Exactly the lines from the start of the data below through the line that contains "Polo homme. Maille" are to be copied, with pictures left out.

*** ENTRIES PROVIDED Section Begins ***

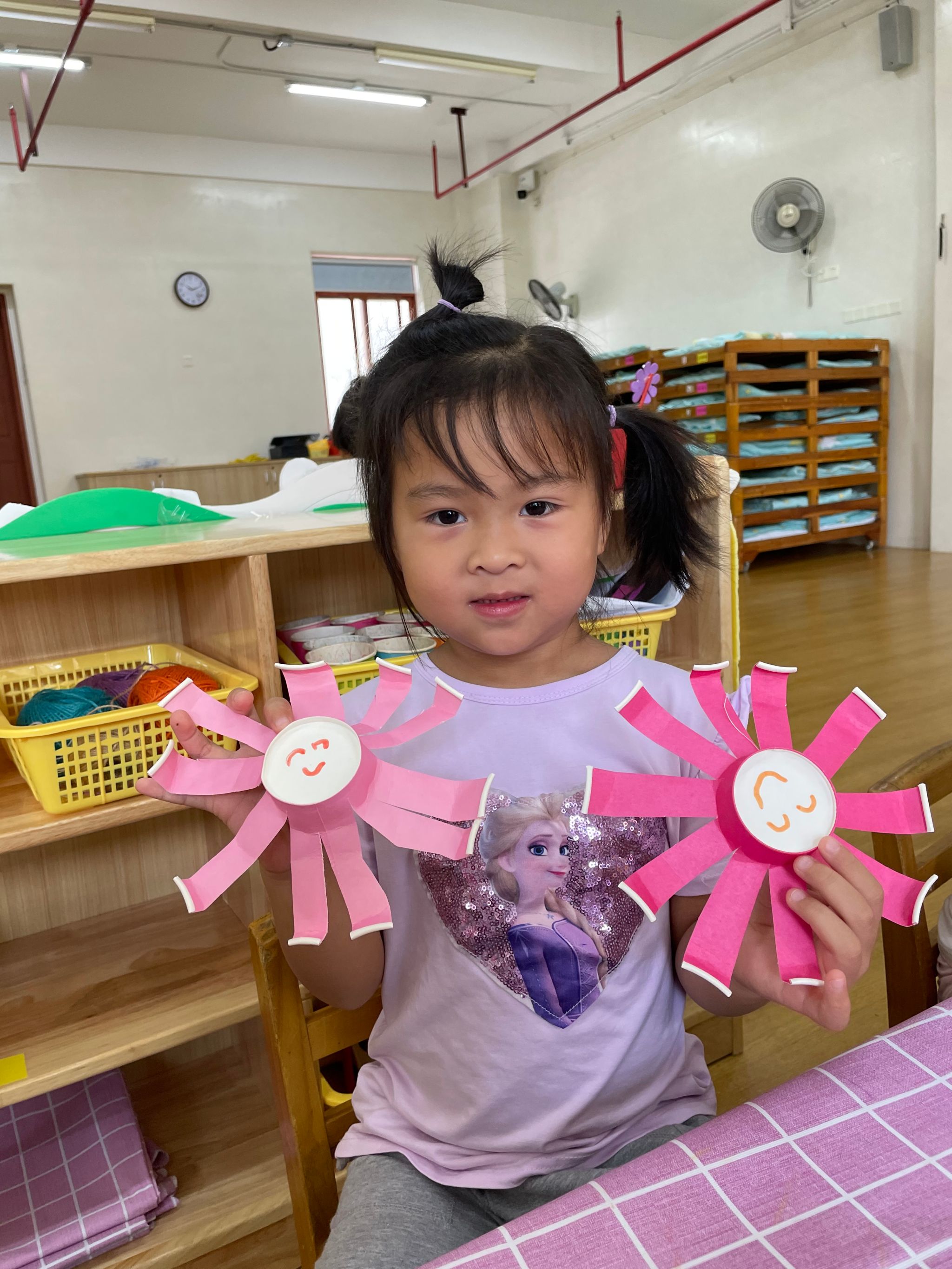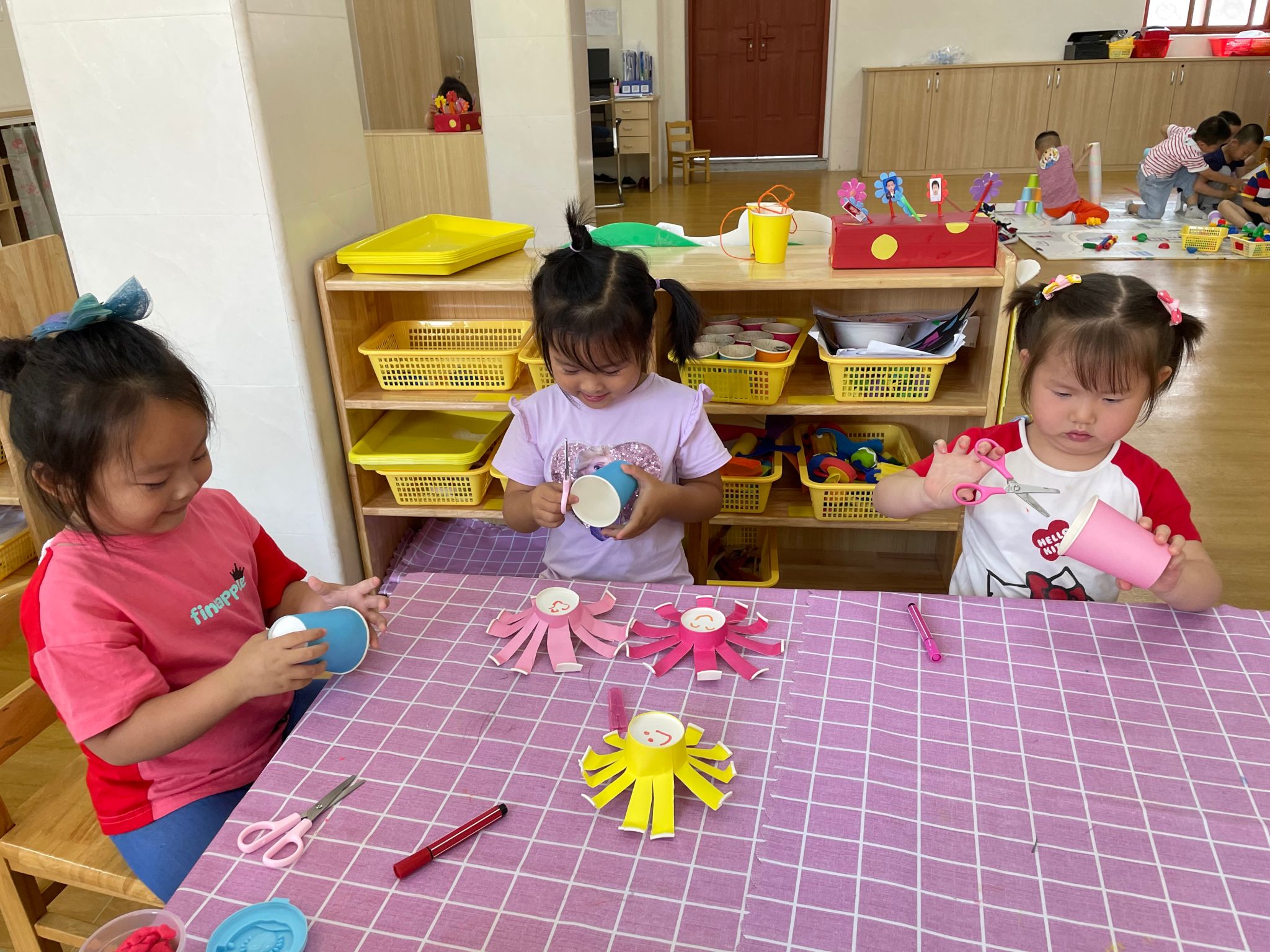 看,五颜六色的纸杯在小朋友的巧手剪裁下变成一朵朵美丽的小花;是不是很好看!
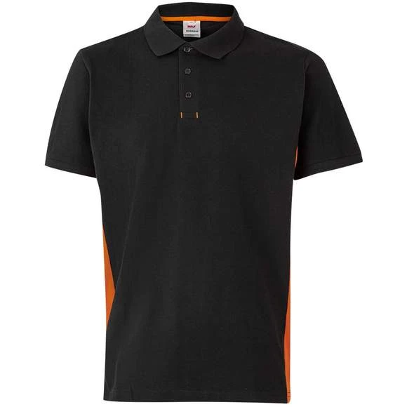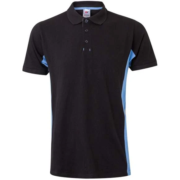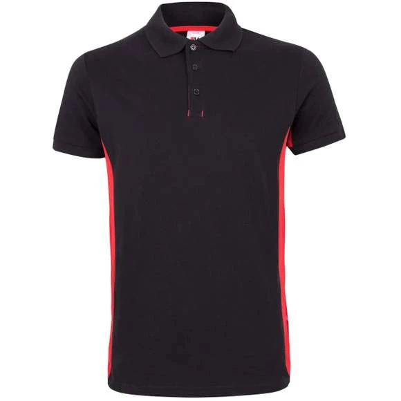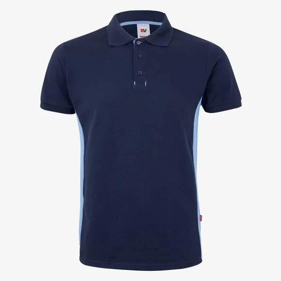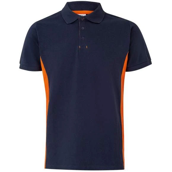 Polo homme. Maille piquée. Plaquette 3 boutons ton sur ton. Intérieure de la plaquette contrasté. Col et emmanchures en bords côte. Panneaux contrastés sur les côtés. Bande de propreté contrastée. Vendu avec poche non cousue. 60% coton/40% polyester
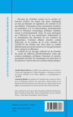 Devenus de véritables acteurs de la société, les lanceurs d’alerte ont acquis une place stratégique en tant qu’éléments de régulation, de contrôle et de surveillance. Promoteurs d’une citoyenneté novatrice, ils participent à la vie démocratique, principalement dans les domaines économique, politique, sanitaire, social et environnemental. Ainsi, ils nous interrogent sur l’efficacité de nos mécanismes traditionnels et la transparence des décisions de nos systèmes de gouvernance. Certaines affaires récentes comme WikiLeaks ou la gestion de la crise sanitaire du COVID-19 ont montré leur force dans ce combat difficile mené au nom de la justice et d’une gouvernance juste, inclusive et efficience. Cet ouvrage formule des pistes de réflexion pluridisciplinaires issues des sciences juridiques, politiques, humaines et sociales, permettant d’évaluer les dynamiques de rénovation et de réforme à l’œuvre dans nos systèmes démocratiques.
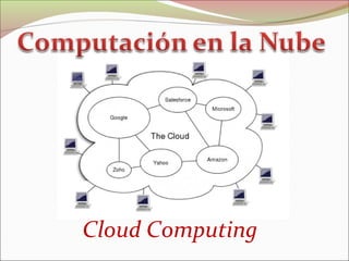 El documento describe el concepto de computación en la nube, incluyendo sus beneficios como la flexibilidad, escalabilidad elástica y menor inversión en infraestructura. Explica algunos servicios populares en la nube como Dropbox, Evernote y Spotify. También analiza proveedores de servicios en la nube como Google Apps, Amazon EC2 y Windows Azure.
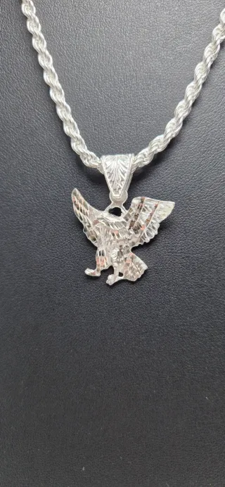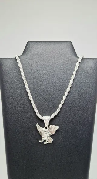 Este conjunto incluye un collar de cordón y un colgante con diseño de águila. - Collar estilo cordón macizo de 60cms y 3,5mm de grueso. Ref 02232 - Colgante con forma de águila detallada. Mide 26x26mm sin contar el asa.Ref 02886 Las dos piezas son de plata de ley de 925mm. Nada de baños.
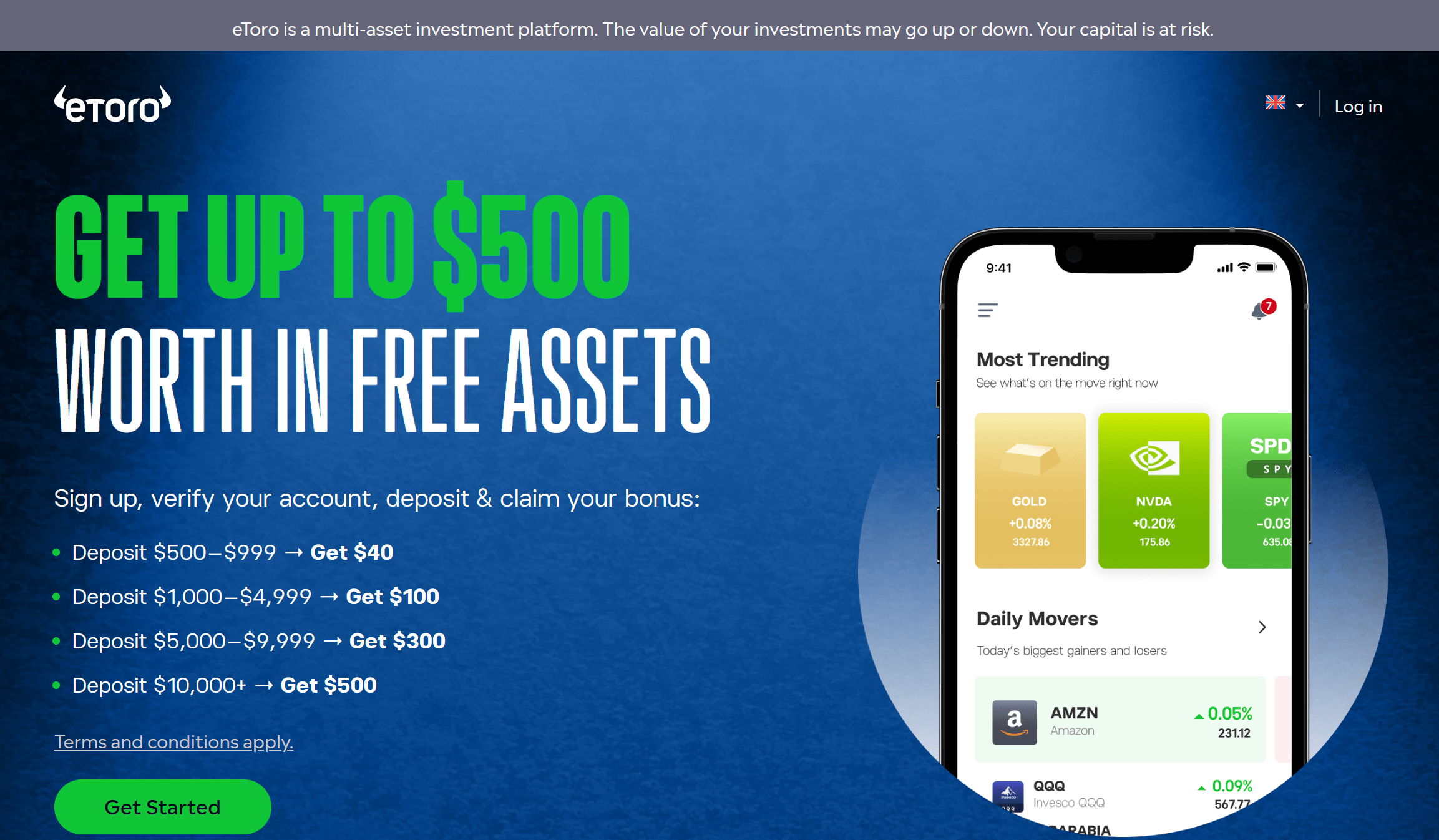 As part of its marketing strategy, eToro promotes its trading app by giving you a free asset (or share) worth between $40 to $500, just by signing up and depositing more than $500:

*** ENTRIES PROVIDED Section Ends ***

### RESPONSE TO THIS TASK
 看,五颜六色的纸杯在小朋友的巧手剪裁下变成一朵朵美丽的小花;是不是很好看!
 Polo homme. Maille piquée. Plaquette 3 boutons ton sur ton. Intérieure de la plaquette contrasté. Col et emmanchures en bords côte. Panneaux contrastés sur les côtés. Bande de propreté contrastée. Vendu avec poche non cousue. 60% coton/40% polyester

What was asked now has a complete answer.